* **Aim of the task**: An exact copy of the listing below is the answer, with the pictures removed.

* **Data below**:

□ □ □ □ □ □ □

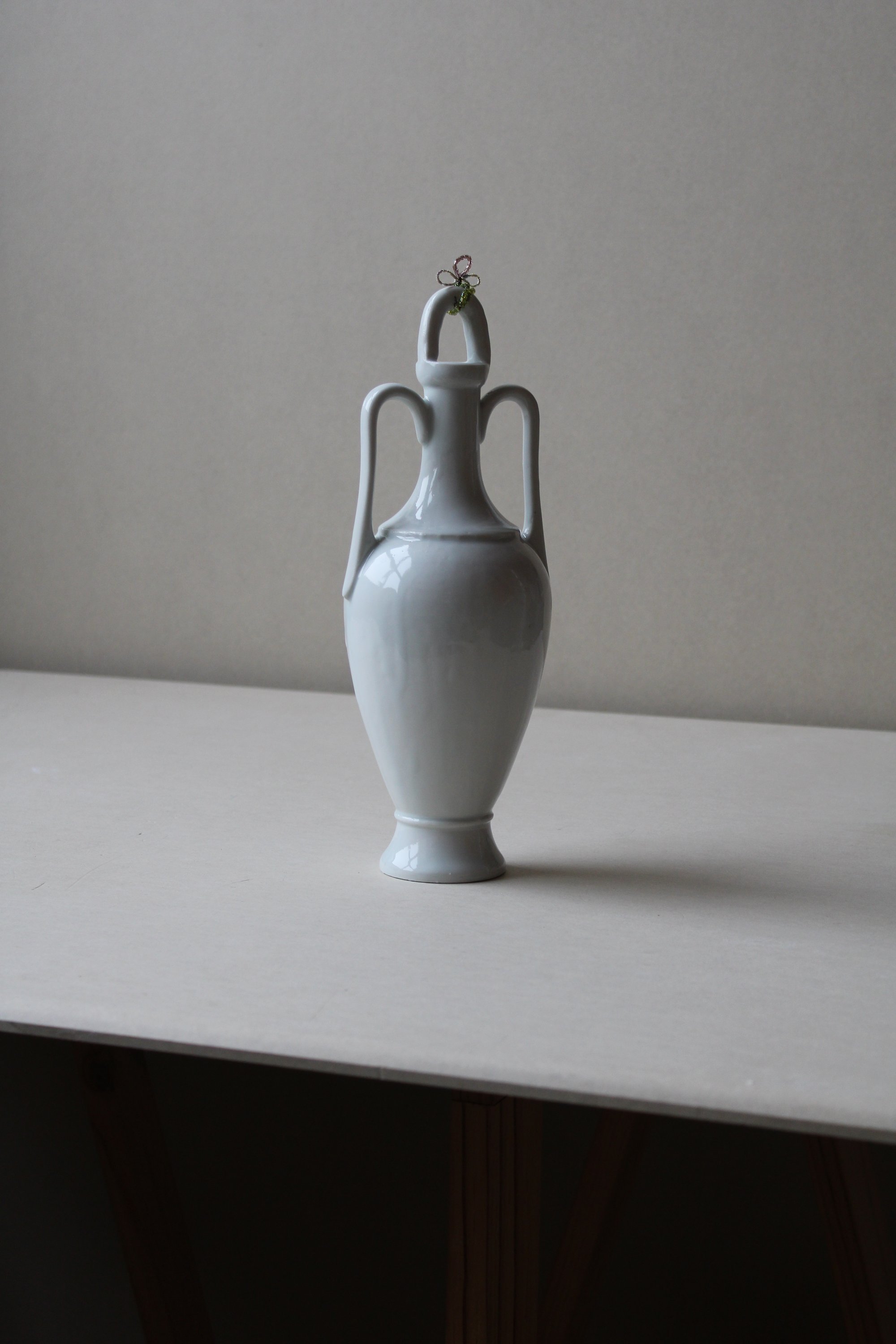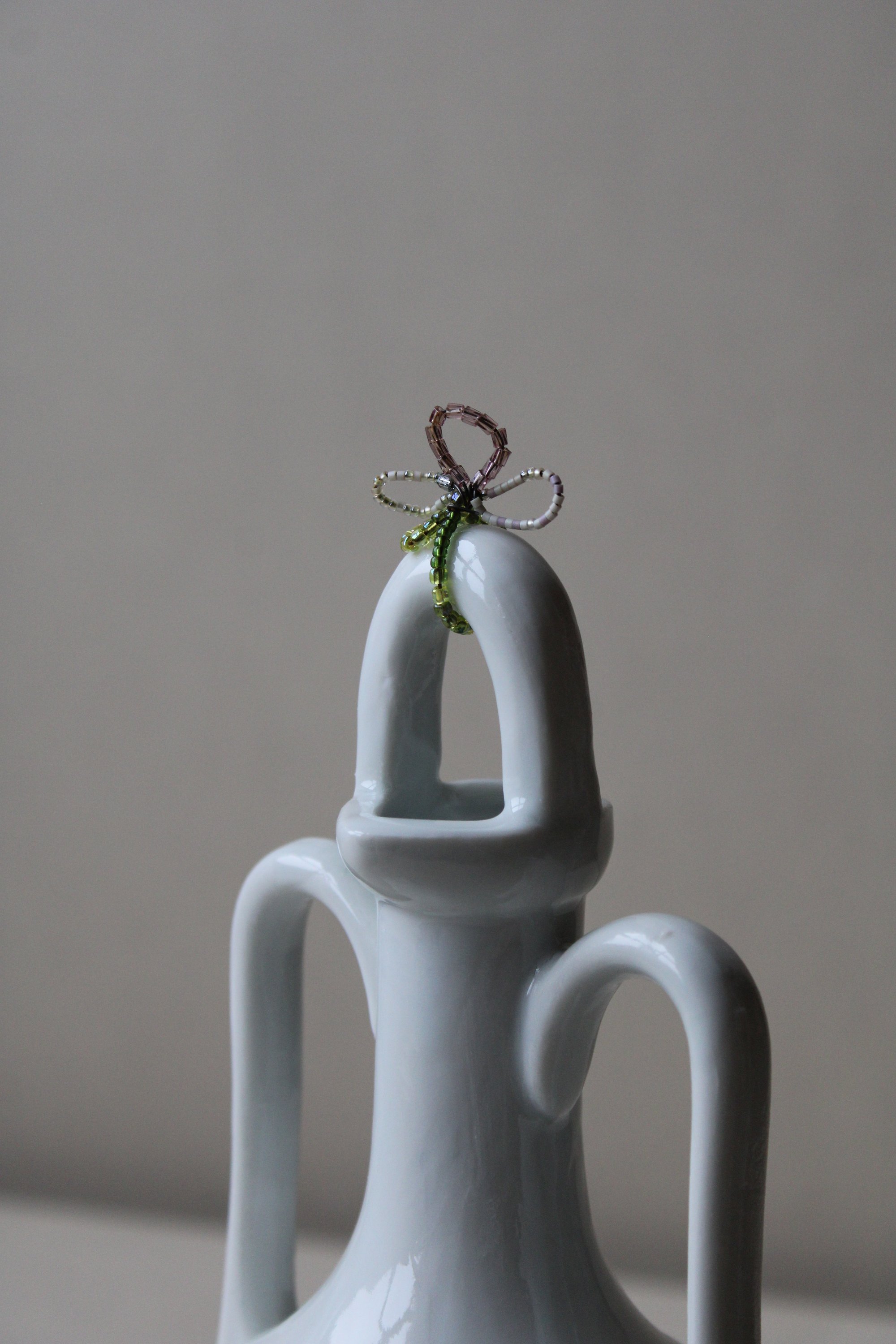matériaux/ porcelaine coulée dans des moules datant des années 1970 de la fabrique de porcelaine de Limoge + émail blanc brillant + perles en verre, vert rose et beige. cuisson haute température.
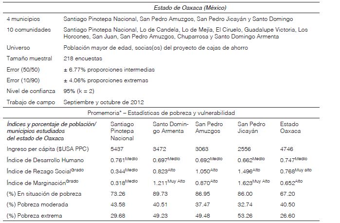 b) Encuestas a socios. Los datos analizados aquí corresponden a los obtenidos con un cuestionario diseñado e implementado por trabajadores de la Fundación entre septiembre y diciembre de 2012. Dicho cuestionario contenía sesenta preguntas, con un primer bloque correspondiente a las características sociodemográficas de los socios y de su unidad familiar (nivel de estudios, edad, sexo, etc.), servicios del hogar y condiciones de vida (tipo de alojamiento, condiciones de habitabilidad del hogar y servicios de los que dispone la unidad familiar), principales fuentes de ingresos y actividad laboral desarrollada por la cabeza de familia, apoyos externos, prácticas agrarias y artesanales, y un último apartado en el que se solicitaba que los encuestados enumeraran los principales problemas de sus comunidades. Los datos obtenidos aportaron valiosa información de las condiciones de vida y niveles de bienestar de los socios de las cajas de ahorro y crédito, comprobándose la vulnerabilidad de la población beneficiaria de esta iniciativa de inclusión financiera. En el cuadro 1 se presenta la ficha técnica de la encuesta realizada, en cuyas últimas filas se aportan estadísticas oficiales —disponibles para los municipios en los que se realizaron las encuestas—, a modo de aproximación a los niveles de pobreza y vulnerabilidad de cada uno de ellos. Se obtuvieron 218 encuestas, en su mayoría con mujeres, socias de cajas de comunidades de diez localidades de cuatro municipios del estado de Oaxaca, lo que determina un error muestral adecuado para este tipo de estudios.
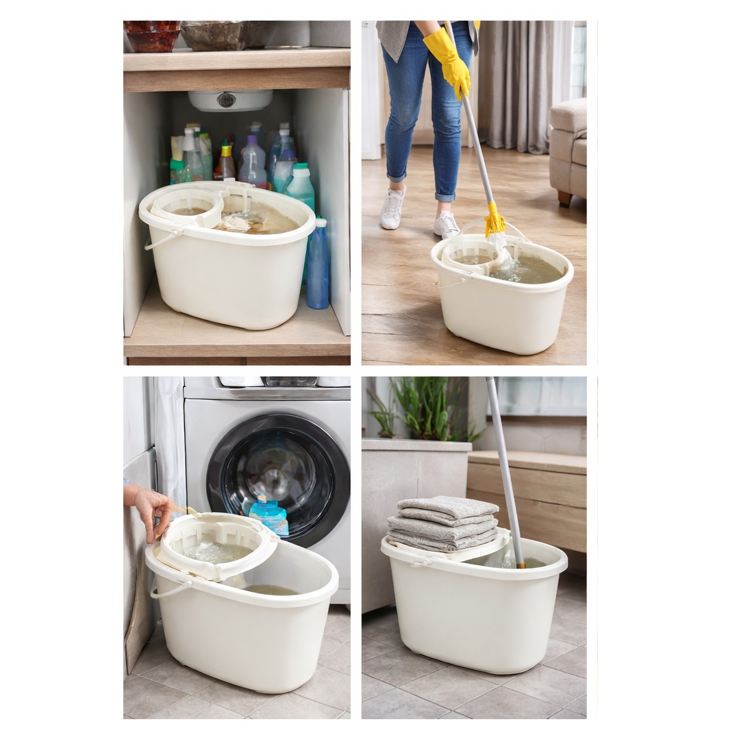 Removable wringer allows easy emptying and cleaning convenience. Strong carry handle ensures comfortable transportation when full. Integral pouring spout enables controlled and mess free draining. Sturdy plastic construction designed for long lasting durability. Compact design fits easily into cupboards or storage. Ideal for mopping floors in kitchens and bathrooms. Lightweight bucket design makes everyday cleaning tasks easier. Efficient squeeze wringer removes excess water quickly. Brand - Whitefurze. Colour - Silver. Size - 15-litre.Delivery Information
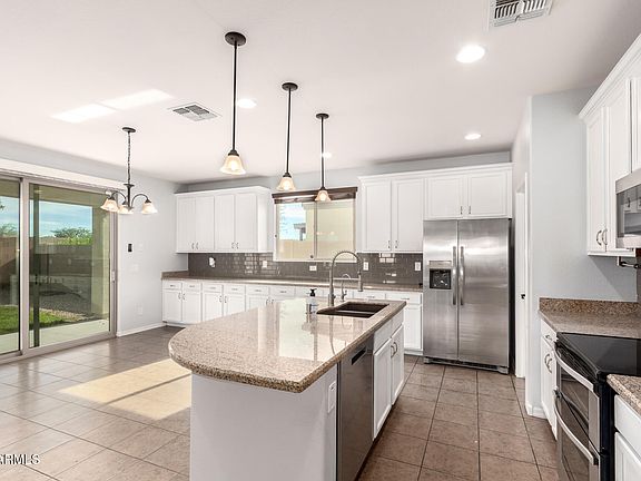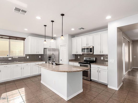 Six Bedrooms! Two bedrooms on first floor. No carpet in house. Flooring is Tile & mostly Luxury Vinyl Planks (the good stuff). Large kitchen w/granite counters & Island. Lots of extended cabinets! Great big walk-in pantry! Light & bright. Kitchen opens to extra-large family room. 4 bedrooms upstairs including huge master bedroom w/extra big walk-in closet. Master bath has walk-in shower. Laundry room upstairs-washer,dryer stay. Massive storage under the stairs! Big covered patio faces east for shade in the afternoon/evening. Some grass in back for your dogs. No neighbors behind! Stainless steel appliances. THREE car tandem garage. Water softener included. Within a couple of miles of downtown Queen Creek & US 24 highway. Convencience w/peace and quiet. Clean & Move-in-Ready!

□ □ □ □ □ □ □

* **Answer for this exercise**:
matériaux/ porcelaine coulée dans des moules datant des années 1970 de la fabrique de porcelaine de Limoge + émail blanc brillant + perles en verre, vert rose et beige. cuisson haute température.
 b) Encuestas a socios. Los datos analizados aquí corresponden a los obtenidos con un cuestionario diseñado e implementado por trabajadores de la Fundación entre septiembre y diciembre de 2012. Dicho cuestionario contenía sesenta preguntas, con un primer bloque correspondiente a las características sociodemográficas de los socios y de su unidad familiar (nivel de estudios, edad, sexo, etc.), servicios del hogar y condiciones de vida (tipo de alojamiento, condiciones de habitabilidad del hogar y servicios de los que dispone la unidad familiar), principales fuentes de ingresos y actividad laboral desarrollada por la cabeza de familia, apoyos externos, prácticas agrarias y artesanales, y un último apartado en el que se solicitaba que los encuestados enumeraran los principales problemas de sus comunidades. Los datos obtenidos aportaron valiosa información de las condiciones de vida y niveles de bienestar de los socios de las cajas de ahorro y crédito, comprobándose la vulnerabilidad de la población beneficiaria de esta iniciativa de inclusión financiera. En el cuadro 1 se presenta la ficha técnica de la encuesta realizada, en cuyas últimas filas se aportan estadísticas oficiales —disponibles para los municipios en los que se realizaron las encuestas—, a modo de aproximación a los niveles de pobreza y vulnerabilidad de cada uno de ellos. Se obtuvieron 218 encuestas, en su mayoría con mujeres, socias de cajas de comunidades de diez localidades de cuatro municipios del estado de Oaxaca, lo que determina un error muestral adecuado para este tipo de estudios.
 Removable wringer allows easy emptying and cleaning convenience. Strong carry handle ensures comfortable transportation when full. Integral pouring spout enables controlled and mess free draining. Sturdy plastic construction designed for long lasting durability. Compact design fits easily into cupboards or storage. Ideal for mopping floors in kitchens and bathrooms. Lightweight bucket design makes everyday cleaning tasks easier. Efficient squeeze wringer removes excess water quickly. Brand - Whitefurze. Colour - Silver. Size - 15-litre.Delivery Information
 Six Bedrooms! Two bedrooms on first floor. No carpet in house. Flooring is Tile & mostly Luxury Vinyl Planks (the good stuff). Large kitchen w/granite counters & Island. Lots of extended cabinets! Great big walk-in pantry! Light & bright. Kitchen opens to extra-large family room. 4 bedrooms upstairs including huge master bedroom w/extra big walk-in closet. Master bath has walk-in shower. Laundry room upstairs-washer,dryer stay. Massive storage under the stairs! Big covered patio faces east for shade in the afternoon/evening. Some grass in back for your dogs. No neighbors behind! Stainless steel appliances. THREE car tandem garage. Water softener included. Within a couple of miles of downtown Queen Creek & US 24 highway. Convencience w/peace and quiet. Clean & Move-in-Ready!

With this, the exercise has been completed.